We came to Blanty's farm. The Doctor stopped at the gate and we rejoined him there. Blanty was standing before his door, in conference with a tall, strong, self-reliant-looking black man,—a slave, but a slave as he might have been in Africa: the respectful and respected aid, companion, adviser of his master. Blanty, seeing us, came down to the gate and asked us to go in. We had not time; but we had a little talk where we were. Blanty and I discussed the future of our crops. He was well content with the season and its prospects. He had seen Dr. Borrow and Harry on Sunday. A single interview at a common friend's makes intimate acquaintance out here. Blanty was quite unreserved, and praised himself and everything belonging to him as frankly as ever Ulysses did. He is a grand good fellow. Dr.
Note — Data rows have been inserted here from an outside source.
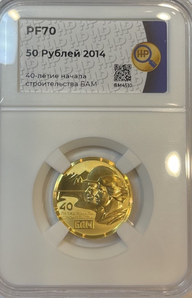 В центре диска – эмблема Банка России (двуглавый орел с опущенными крыльями, под ним надпись полукругом "БАНК РОССИИ"), обрамленная кругом из точек и надписями по кругу – вверху: "ПЯТЬДЕСЯТ РУБЛЕЙ", внизу: слева – обозначения драгоценного металла и пробы сплава, в центре – дата выпуска "2014 г.", справа - содержание химически чистого металла и товарный знак монетного двора.
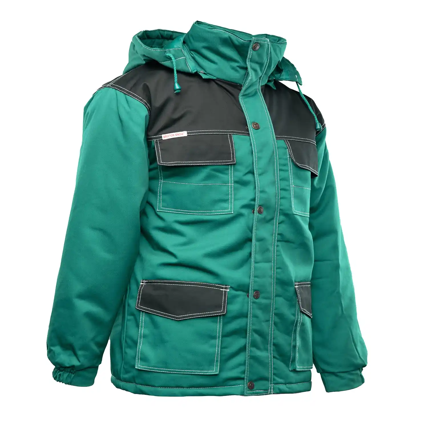 Kurtka ocieplana w typie parki z kolekcji Brixton Snow to profesjonalna odzież robocza, zaprojektowana specjalnie z myślą o pracy w wymagających warunkach zimowych. Uszyta z trwałej mieszanki poliestru (65%) i bawełny (35%) o podwyższonej gramaturze 290 g/m², gwarantuje zachowanie intensywności kolorów i stabilności rozmiarów nawet po wielokrotnym praniu. Doskonałą ochronę przed mrozem zapewnia gruba, poliestrowa ocieplina (200 g/m²) oraz przedłużany tył kurtki, który skutecznie chroni plecy przed przewianiem podczas schylania się. Konstrukcja zastała przystosowana do intensywnego użytkowania, co potwierdzają podwójne szwy wykonane widoczną, mocną nicią. Komfort i zatrzymywanie ciepła potęgują szczelne mankiety ze ściągaczami, dół kurtki
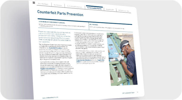 Counterfeit Parts Prevention SUSTAINABILITY MANAGEMENT PLAN GOAL Achieve 100% completion rate of applicable training on the identification and reporting of counterfeit parts by 2025. 2021 PROGRESS In 2021, we achieved more than a 99% completion rate on applicable training. Mission success depends on providing products and services that have trusted reliability, performance and safety. Preventing counterfeit parts from entering Lockheed Martin’s supply chain is one way we uphold this commitment to our customers. The Vice President, Global Supply Chain Operations provides oversight of the counterfeit prevention program. Our corporate policy, Counterfeit Prevention , guides the prevention, detection and mitigation of counterfeit work across our company. Business areas can have additional procedures specific to their unique operations. Additionally, we have a Corporate Counterfeits integrated product team that includes quality assurance representatives from each business area to provide subject matter expertise and guide day-to-day prevention management. Lockheed Martin purchase orders contain terms and conditions on counterfeit mitigation provisions, and we require all acquisitions to begin with original equipment manufacturers and authorized distributors. Please see our Supplier Code of Conduct for a summary of these counterfeit parts expectations. Counterfeit prevention is included in contract purchasing system reviews conducted annually at rotating facilities and during need-based customer quality audits. As the dynamic global landscape evolves and our adversaries continue to insert new counterfeit parts into supply chains, Lockheed Martin is championing a preventative approach. Through our new sustainability management plan goal to achieve a 100% completion rate of applicable training on the identification and reporting of counterfeit parts by 2025, we not only build awareness of the topic, but equip our employees with the tools needed to identify counterfeit parts and take appropriate action if a suspect part is detected. Appropriate actions may include notification, quarantining of parts and investigations. Our customers depend on our mission-critical products and services. Including counterfeit parts prevention in our sustainability management plan gives our customers confidence in our efforts to prevent substandard and unreliable parts from entering our supply chain and helps us retain their business now and into the future. Please visit the Frequently Asked Questions section of our Supplier Wire website for supplier resources on preventing counterfeit parts from entering our supply chain. About this Report Our Company Our Sustainability Approach Our Sustainability Priorities Beyond the SMP ESG Performance Index www.lockheedmartin.com 2021 Sustainability Report 15
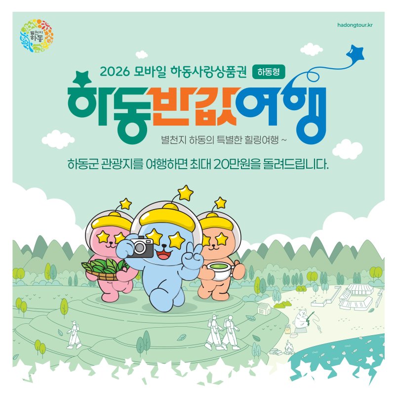 군 관계자는 "하동 반값 여행은 단순히 여행비를 지원하는 사업이 아니라 여행객의 소비가 지역 소상공인과 농특산물로 이어지는 착한 여행 모델"이라며 "부담 없이 하동을 찾고, 머무는 동안 지역경제와 상생하는 여행이 되길 바란다"고 말했다.
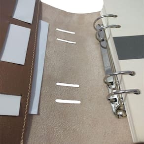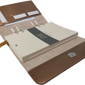 • Medidas 165 x 210 mm fechada, com aba para papéis, três porta cartões, fechamento por botão magnético e cortes frontais à laser para acomodação da ferragem.
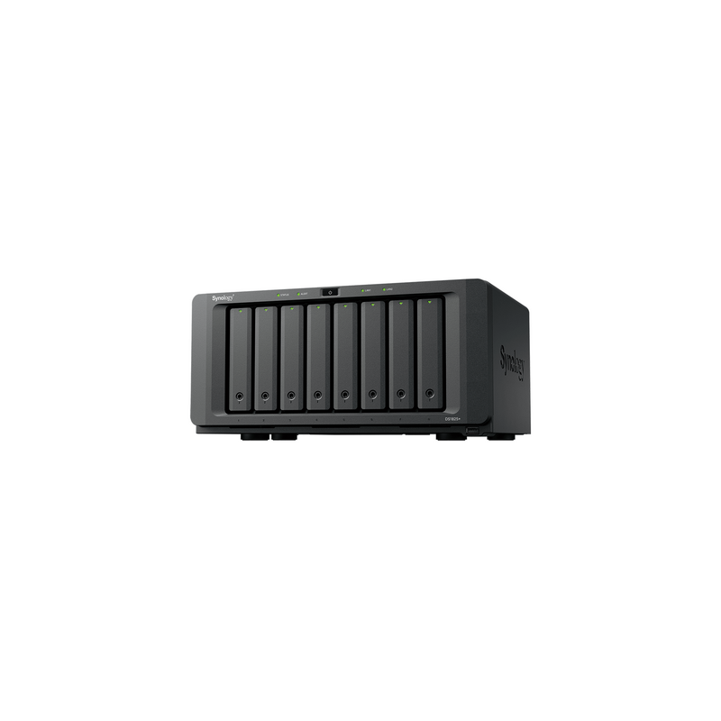 Potente Servidor NAS Synology DS1825+ con 8 bahías, expandible hasta 18, soporte para hasta 324TB de almacenamiento, 4GB de RAM y funciones avanzadas como servicio de nube gratis P2P y administración remota para respaldo programado.El Servidor NAS Synology DS1825+ ofrece 8 bahías para discos duros, expandibles hasta 18 mediante soportes de expansión compatibles, permitiendo un almacenamiento máximo de hasta 324 TB. Cuenta con 4 GB de memoria RAM DDR4, ampliable para mejorar el rendimiento multitarea y la gestión de múltiples usuarios y tareas. Integra un servicio de nube personal gratuito con tecnología punto a punto (P2P) para compartir archivos de manera segura y eficiente. La administración remota permite controlar y programar respaldos de manera automatizada, facilitando la copia de seguridad continua de datos críticos. Soporta configuraciones RAID diversas para equilibrar rendimiento y redundancia, y dispone de conexiones Ethernet Gigabit para transmisión rápida de datos. Ideal para pequeñas y medianas empresas que requieran almacenamiento escalable, seguro y con administración sencilla.
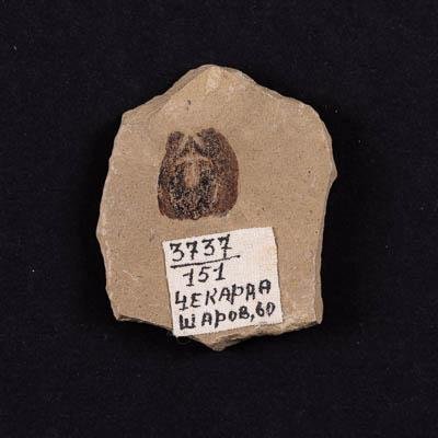Отпечаток семени хвойного на породе. Порода представлена плотным алевролитом бежевого цвета.
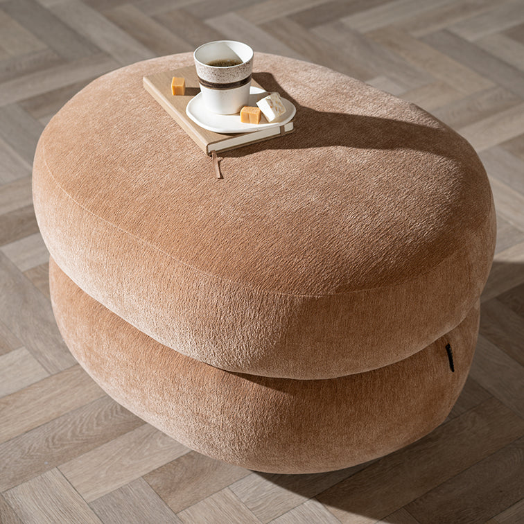 Hocker Mia chenille is een veelzijdige ovalen poef die je onder andere aan kunt schuiven bij jouw bank of kunt gebruiken als salontafel.
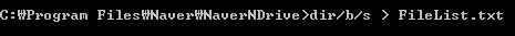 dir 명령어에 /b 옵션을 붙이면 아래와 같이 파일명들만 출력됩니다.
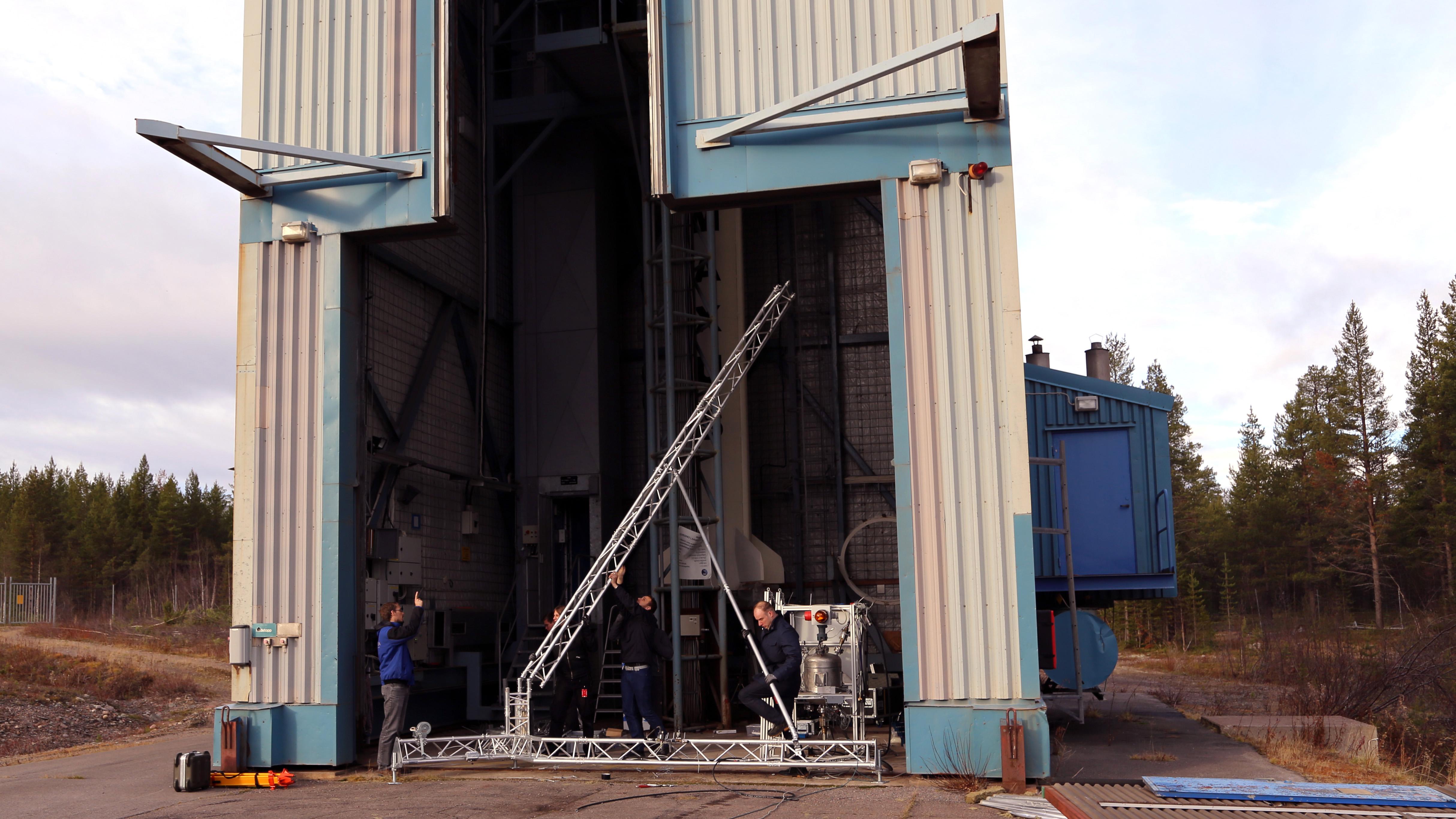 In dem Turm, in dem normalerweise die MAXUS-Höhenforschungsraketen starten, bauen die Braunschweiger Studenten die Startrampe für ihre FAUST-Rakete auf.

Borrow's eye rested on the black man, who remained where his master had left him, in an attitude for a statue,—so firm was his stand, so easy, so unconscious.
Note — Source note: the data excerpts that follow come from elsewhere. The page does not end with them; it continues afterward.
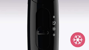Acest uscator de par compact iti ofera 3 setari preselectate de temperatura si viteza, pentru uscare cu aer rece, ingrijire sau uscare rapida. |
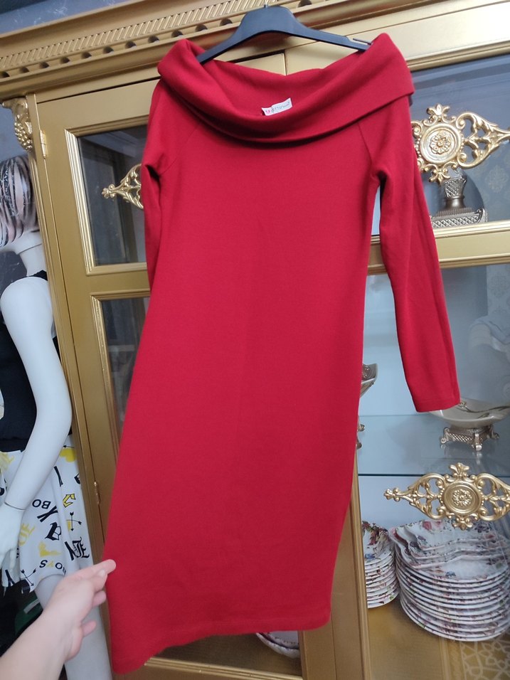 Bordo parlak renkte, uzun kollu ve drapeli kayık yaka detaylı, vücuda oturan triko elbisedir. muhteşem
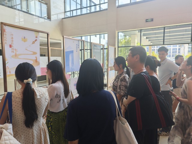 9月11日下午,语言与文法学院党总支组织全体教师前往明道楼一楼大厅,参观由教师工作部举办的第41个教师节师德文创作品展,以沉浸式学习深化师德师风建设,践行“厚植师德润心田,弘扬师风铸师魂”的教育理念。
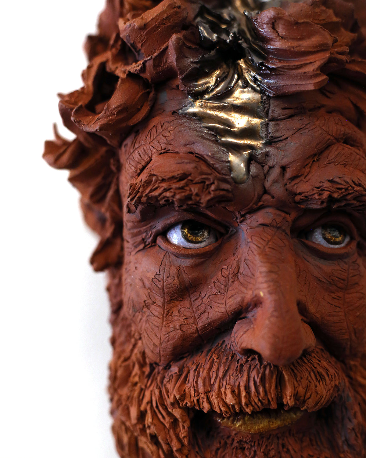 stoneware clay, porcelain, glaze, brass, paint

"He would make a good Othello," said the Doctor to Blanty.
"Yes, it is Othello. Mr. Colvil has told you about him?"
"Where did he get his name?" asked the Doctor.
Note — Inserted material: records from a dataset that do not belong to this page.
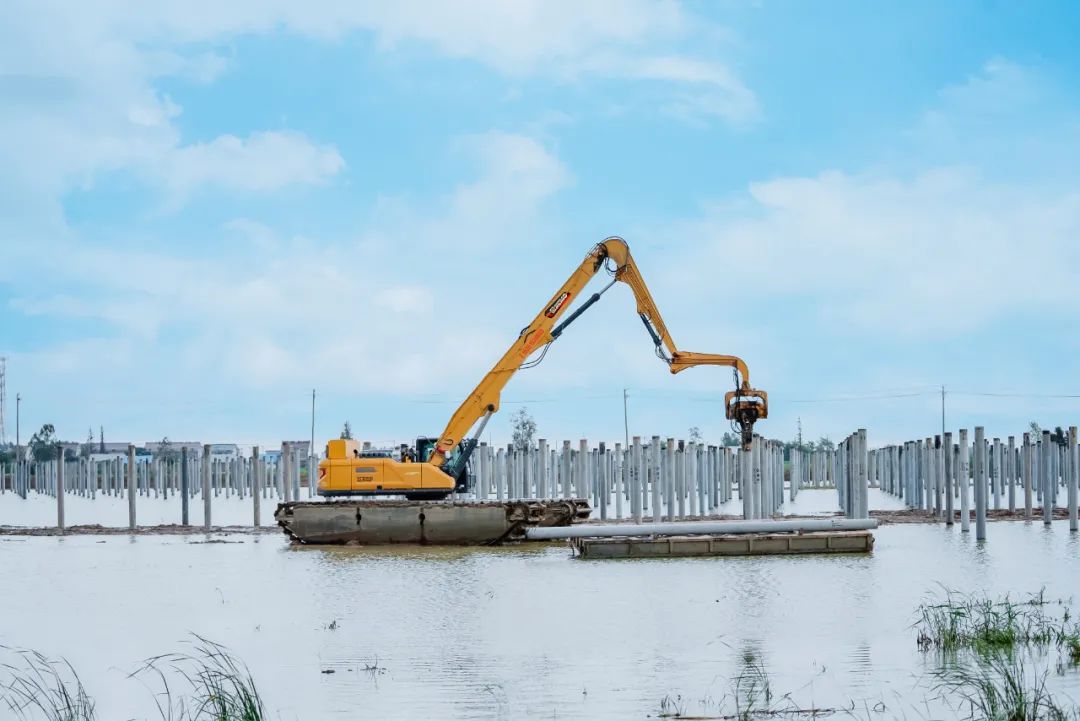 凭借精准的操控、连贯的动作以及强劲的动力,它们将一根根10多米长的混凝土预制桩准确无误地压入指定的位置,为后续支架、组件、发电板安装等关键环节的有序推进“保驾护航”。
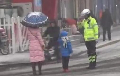 暖闻:山东邹城交警雪中护幼童过马路 告别时互敬军礼
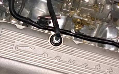 PCV valve installed on PML big block Chevy valve cover with grommet
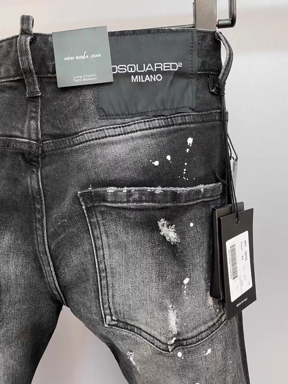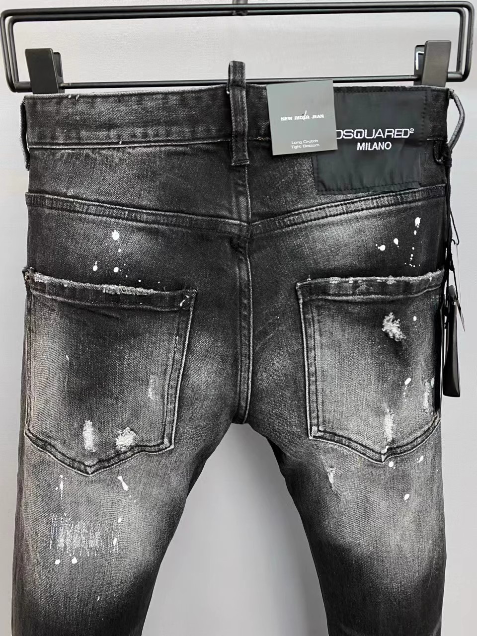 봄과 여름 2025 새로운 D2 트렌디 한 남성용 세척 된 그라인딩 패치 페인트 슬림 핏 마이크로 탄성 다리 블랙 청바지 남성용

"My mother gave it to him. He will not let himself be called out of it. He never knows himself by it, if it is shortened. He is a native African, though all of his life that he can remember he has passed here. His mother brought him away in her arms. They were carried to Cuba first, and re-shipped. He is more of a man than I am," continued Blanty, who is enough of a man to risk admitting a superior. "If I had his head and his tongue, I would have been in Congress before this."
"Can he read?" asked the Doctor.
"Can and does."
"But how does that agree with your law?"
"He's thirty years old," answered Blanty. "The law hadn't taken hold of reading and writing when he had his bringing up. My mother gave him as careful teaching as she did her own boys, and he got more out of it. 'Search the Scriptures,' she said, was a plain command; and how could a man search the Scriptures, if he couldn't read? But he works as well. Things here look famously, as you say; I see it myself. It's more to his praise than mine. He has done well by me; I should like to do well by him. My farm's larger than I want. I might give him a piece, as you have your German; but I can't, you know. It's hard, in a free country, that a man can't do as he would with his own. I don't want to send him off, and he doesn't want to go. I married late; if I should be taken away, I should leave my children young. I'd as soon leave them to his care as to a brother's. I've talked it over with him; he knows how I feel. And then, he's married his wife on Piney's plantation. Foolish; but I didn't tell him so. I knew marriage was a thing a man hadn't his choice in. I sometimes think it was a providence for the easing of my mind."